Авось-ка
Душа у нее была безмерная. Одни делали из нее свалку для душевного мусора, другие- рвали на части неуёмными размерами
бытовых дрязг…
Но так уж устроила ее жизнь, что она непрерывно втягивалась в
проблемы других и тянула все это на себе как двужильная, а потом, ввалясь в пустой, нетопленый дом, под утро, недвижимыми губами, как кукла с подсевшими батарейками, тихо лежа на скрипящем диване, -говорила куда-то глядя в стенку: –авось пронесет,- и шептала утешающие её с детства слова, придуманные ею и ставшие девизом в её детских одиноких попытках -сделать мир добрее и надежнее:
Человек, протяни мне свои ладони -
Я поделюсь с тобой теплом ягодным.
Окунись в глубинные воды глаз моих,
И оставь в них душевные боли ран своих.
Я сердечным светом тебе открою,
Лабиринты жизни в пути.
И ребёнком маленьким
Тебя на облако подброшу
Ты не бойся снов волшебника -
Лети!
Я на ручках тебя покачаю,
А хочешь- песню спою?
И хоть ноги все сбиты,
Мозоли в сандалях,
Торопись к чудесам -
Я поддержу
Загляни в себя внутрь,
В своего ребенка,-
Чего он хочет, спроси?
И не бойся быть
Белым совсем вороненком,
Я подстрахую –
Лети!
Она никогда не могла отделить главное от второстепенного и увязала во всем этом, как в трясине.
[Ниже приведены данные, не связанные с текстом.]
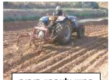
חריש ולאחריו תיחוח
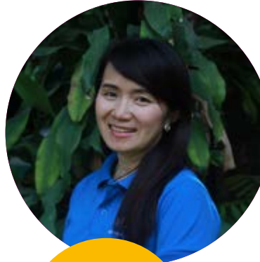
ຜູ້ບໍລິຫານໂຄງການສ້າງຂັດຄວາມອາດສາມາດ ແລະ ການຕິດຕາມປະເມີນຜົນ

ໃນຕອນທ້າຍຂອງການຝຶກອົບຮົມ, ຜູ້ເຂົ້າຮ່ວມຄາດວ່າຈະບໍ່ພຽງແຕ່ເອົາໃຈໃສ່ກັບທັກສະຂອງໂມດູນເຫຼົ່ານັ້ນເທົ່ານັ້ນແຕ່ຍັງຕ້ອງມີຄວາມຫ້າວຫັນໃນການກຳນົດບັນຫາ ແລະ ດຳເນີນການທີ່ຈຳເປັນກັບພາກສ່ວນກ່ຽວຂ້ອງອື່ນໆ.
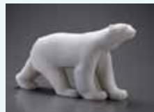
《シロクマ》1923-1933年 白色大理石 群馬県立館林美術館蔵
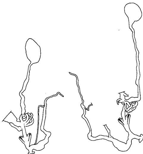
Fig. 2. Helicopsis (Helicopsis) gibilmanica (Bourguignat in SERVAIN, 1880), genitalia realizada por E. Gittenberger, 1973, ejs. de Palma del Condado.

Palma del Condado (12-III-73); Isla Cristina (13-III-73); Niebla, Dolmen La Lobita (24-III-73); Villalba del Alcor (2-XII-73); Gibrleón (5-III-75); Niebla (6-III-75); San Juan del Puerto (2-XII-73); Trigueros (16-III-82).
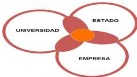
Figura 2 Modelo Triple Hélice

El modelo Triple Hélice que de acuerdo a Etzkowitz & Leydesdorff (2000) capta de manera relevante las interacciones entre universidad-industria-gobierno, de manera que la universidad contribuya al desarrollo económico y social a nivel nacional a través de organizaciones híbridas como centros tecnológicos, parques científicos e incubadoras, este modelo se presenta en la figura 2
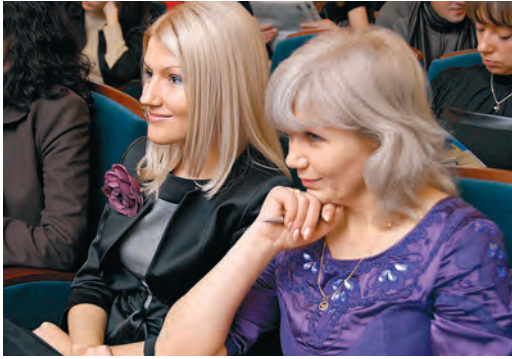
Під час проведення майстер-класів
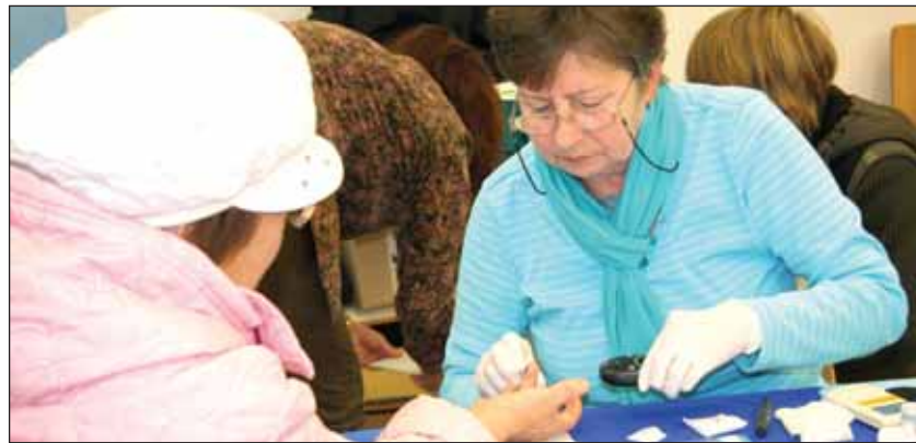
Eesti Reumaliit veresuhkrut ja kolesterooli mõõtmata.
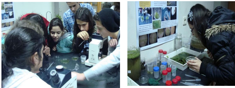
Figuras 11 e 12 - Atividades laboratoriais realizadas por alunos do 11º ano e Clube de Ciências, com investigador da CIBIO - janeiro de 2013.

Para interpretar determinadas características do charco os alunos foram tendo acesso a todos os dados recolhidos até ao momento. Por exemplo, perante o facto da lentilha de água, uma planta aquática flutuante, cobrir praticamente o charco em estudo, os alunos foram confrontados com as análises químicas, de modo a relacionar o fenómeno com os elevados níveis de nitratos detetados na água. Também a variação do nível de água ao longo do ano verificada no charco, associada ao sistema de regadio e à precipitação, foram fatores considerados na discussão acerca de um eventual fenómeno de eutrofização no charco adotado.
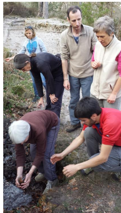
Jeux d'eau à la fontaine Désirée

Plus loin une balise, perchée sur une corde, faisait face au médaille de Némorosa où seule la tyrolienne permettait d'aller y lire son nom. Les enfants comme les grands se sont amusés à s'en rapprocher et profiter ensuite de la tyrolienne pour revenir au sol.
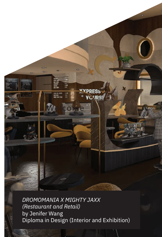
DROMOMANIA X MIGHTY JAXX (Restaurant and Retail) by Jenifer Wang Diploma in Design (Interior and Exhibition)

Кличка и та к ней приклеилась совсем дурацкая- «Авоська»,но уж очень она подходила ей по сути и по содержанию.
Авоська была удивительная фантазерка – рассматривая на стене жирную кляксу, которая тут же оживала в ее воображении-та,как царственная особа часами ей рассказывала о величае былых времен, когда все перед ней трепетали .Не дай бог,она своенравно сорвется с кончика пера на важнейший документ -могло случиться самое непредвиденное, например война, из-за злонамеренных козней в переговорах .А иной раз, мол, «та грудью ложилась» на документ и, приняв это за провидение, его откладывали, а то и вовсе отменяли, как приговор. И не всегда она (клякса раздухарялась и чернела от возбуждения ) была такой аляписто- громоздкой, чернила – кровь ее, когда было необходимо, могли становиться прозрачно – невидимыми.
Все у этой непутевой фантазерки было в сияющих глазах чудом каким то. Детишкам она рассказывала всякие небылицы и они таскались за ней всюду как стайка муравьев и все просили познакомить их с Авоськиным казначеем– тараканом, что подбоченясь, дул в усы трактат о полезности его в Авоськином доме, который знал на перечет все её жалкие «харчевые запасы» и подбирал со своей армией помощников, разбросанный нерадивой хозяйкой повсюду мусор, в котором она утонула бы, как в зыбучих песках, если бы не он и его команда. А она, неблагодарная, каждый раз «прёт» на него «газовой атакой» дихлофоса, не понимая, какой он ей друг…
У Авоськи завелась к тому же необычная подружка на четырех лапках-молоденькая крыска из парадной, по кличке «Сажа»,что наладилась к ней заскакивать «на посиделки» этой зимой .
Всем двором ее гоняли, пытаясь извести, отловить, отравить, в общем- со свету сжить.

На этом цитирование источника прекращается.